2. On 10/21/20 at 11:00 AM, Investigator #3, the Director of Surgical Services (Staff #305), the Operating Room Nurse Manager (Staff #306), and the lead Anesthesia Nurse (Staff #307) toured and inspected the anesthesia workroom area. The observation showed three locked traveling anesthesia carts, each with a metal box containing controlled drugs secured to the top of the cart. The investigator asked Staff #307 how the controlled drugs were accessed and used since they were not part of the PYXIS machine. He stated that the keys opening the anesthesia locked metal boxes were located in the PYXIS machine.

During the inspection, the investigator opened a cabinet door and observed a key hanging on the inside. The investigator asked Staff #307 what items or areas the key opened. Staff #307 stated that it opens a locked box located on the wall near the cabinet.
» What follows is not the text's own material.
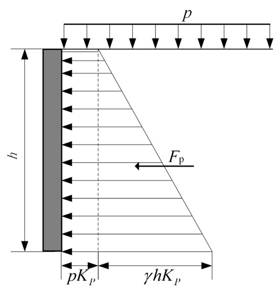 where is passive earth pressure, is passive earth pressure coefficient, , is internal friction angle of soil, is the soil bulk density, and is depth of soil.

He specified that the keys in the lock box primarily opened additional rooms where other equipment and supplies were stored. The investigator opened the locked box on the wall and observed 3 sets of keys labeled "anesthesia cart". The investigator asked what the three sets of keys were used for. Staff #307 stated they were old keys left over and not used anymore after the hospital purchased PYXIS anesthesia carts for each of the operating rooms. Using the keys labeled "anesthesia cart," the investigator successfully opened 2 of the 3 locked controlled substance boxes attached to the traveling anesthesia carts.

3. Immediately following the observation, Investigator #3 interviewed the lead Anesthesia Nurse (Staff #307) about the finding. Staff #307 stated he was unaware that those keys were able to successfully open the locked boxes on the traveling anesthesia carts.